WHAT TO WORK ON ->
Write out each line below precisely, passing over the pictures.

INPUT DATA ->

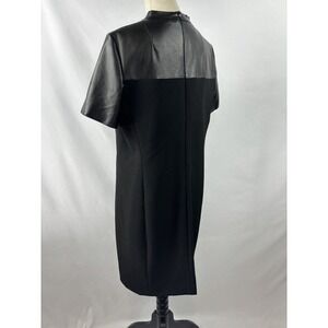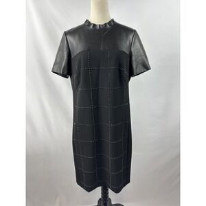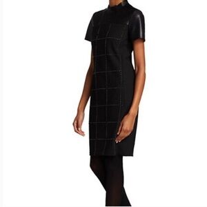 Akris Punto Mock Neck Knee Length Dress Black 12 Embellished Faux Leather
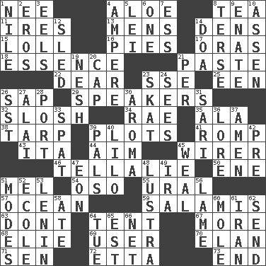 ACROSS 1. Born 4. Medicinal plant 8. Beverage made from leaves 11. Angers 13. Not women's 14. Hiding places for outlaws 15. Hang loosely or laxly 16. Sliced desserts 17. Mouths or openings 18. Substance 21. Thick mixture 22. Letter starter 23. Compass dir. 25. Car or cant ending 26. Plant excrement 29. Orators 32. Splash clumsily 34. Actress Charlotte 35. In the manner of 38. Canvas cover 39. Small pieces of grounds 41. Frolic 43. Call ___ day 44. Direct toward a target or goal 45. One who wires 46. Copy Pinocchio 50. Compass dir. 51. Cartoonist voice _ Blanc 54. Bear (Spanish) 55. Mountain range 57. Sea 59. Deli grouping 63. Do not 64. Portable shelter 67. Greater amount 68. Writer Wiesel 69. One who uses or employs something 70. Liveliness 71. Elected rep. 72. Singer James 73. Conclude DOWN 1. Mediterranean tributary 2. Greek god of love 3. Snakelike fish 4. Electrical Unit 5. Flowery wreath 6. Single 7. Curvy letter 8. Laconic 9. Related on the mother's side 10. NE Netherlands city 12. Downhill vehicle 14. ___ good deed 19. Tender 20. Head covering 21. For each 23. Three-handed card game 24. Observes 26. Fast jet (abbr.) 27. Jai _ 28. Left side of a ship or aircraft 30. Scent 31. Indian skirt 33. Petty quarrel 36. Old wives' tales, e.g. 37. So be it 39. Friends 40. _ and Stitch 42. Before (prefix) 45. Welt 47. A really long time 48. A period of five years 49. Retirement account (abbr.) 51. Methods 52. Learning spot: Fr. 53. Soviet premier 1918-24 56. Unable to walk 58. Had dinner 60. Undercover agent 61. SW Asia republic 62. Post 64. Third day of the wk. 65. Eastern Standard Time (abbr.) 66. Remaining after all deductions
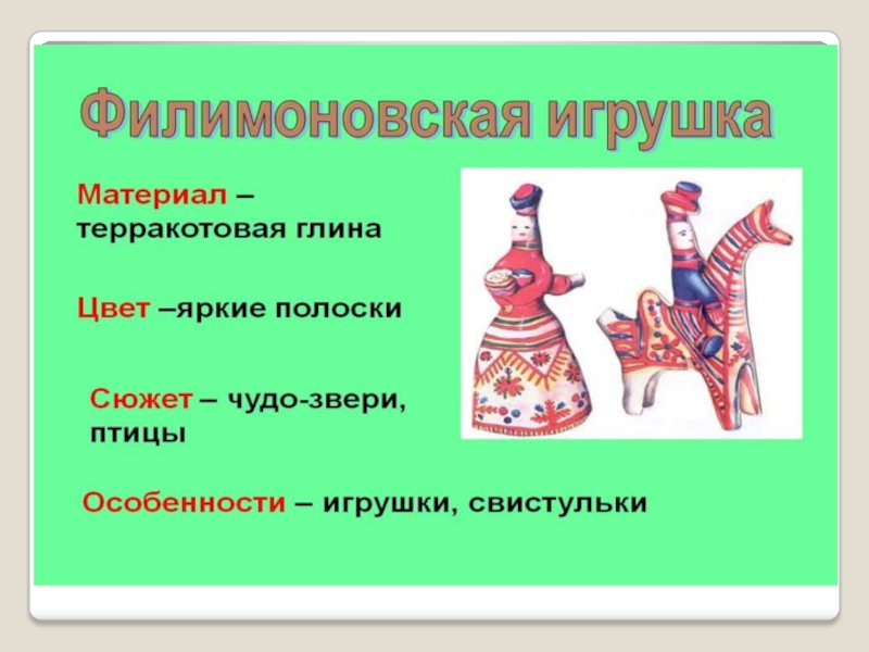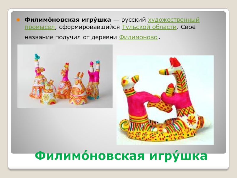 Филимо́новская игру́шкаФилимо́новская игру́шка — русский художественный промысел, сформировавшийся Тульской области. Своё название получил от деревни Филимоново.

OUTPUT OF THE TASK ->
 Akris Punto Mock Neck Knee Length Dress Black 12 Embellished Faux Leather
 ACROSS 1. Born 4. Medicinal plant 8. Beverage made from leaves 11. Angers 13. Not women's 14. Hiding places for outlaws 15. Hang loosely or laxly 16. Sliced desserts 17. Mouths or openings 18. Substance 21. Thick mixture 22. Letter starter 23. Compass dir. 25. Car or cant ending 26. Plant excrement 29. Orators 32. Splash clumsily 34. Actress Charlotte 35. In the manner of 38. Canvas cover 39. Small pieces of grounds 41. Frolic 43. Call ___ day 44. Direct toward a target or goal 45. One who wires 46. Copy Pinocchio 50. Compass dir. 51. Cartoonist voice _ Blanc 54. Bear (Spanish) 55. Mountain range 57. Sea 59. Deli grouping 63. Do not 64. Portable shelter 67. Greater amount 68. Writer Wiesel 69. One who uses or employs something 70. Liveliness 71. Elected rep. 72. Singer James 73. Conclude DOWN 1. Mediterranean tributary 2. Greek god of love 3. Snakelike fish 4. Electrical Unit 5. Flowery wreath 6. Single 7. Curvy letter 8. Laconic 9. Related on the mother's side 10. NE Netherlands city 12. Downhill vehicle 14. ___ good deed 19. Tender 20. Head covering 21. For each 23. Three-handed card game 24. Observes 26. Fast jet (abbr.) 27. Jai _ 28. Left side of a ship or aircraft 30. Scent 31. Indian skirt 33. Petty quarrel 36. Old wives' tales, e.g. 37. So be it 39. Friends 40. _ and Stitch 42. Before (prefix) 45. Welt 47. A really long time 48. A period of five years 49. Retirement account (abbr.) 51. Methods 52. Learning spot: Fr. 53. Soviet premier 1918-24 56. Unable to walk 58. Had dinner 60. Undercover agent 61. SW Asia republic 62. Post 64. Third day of the wk. 65. Eastern Standard Time (abbr.) 66. Remaining after all deductions
 Филимо́новская игру́шкаФилимо́новская игру́шка — русский художественный промысел, сформировавшийся Тульской области. Своё название получил от деревни Филимоново.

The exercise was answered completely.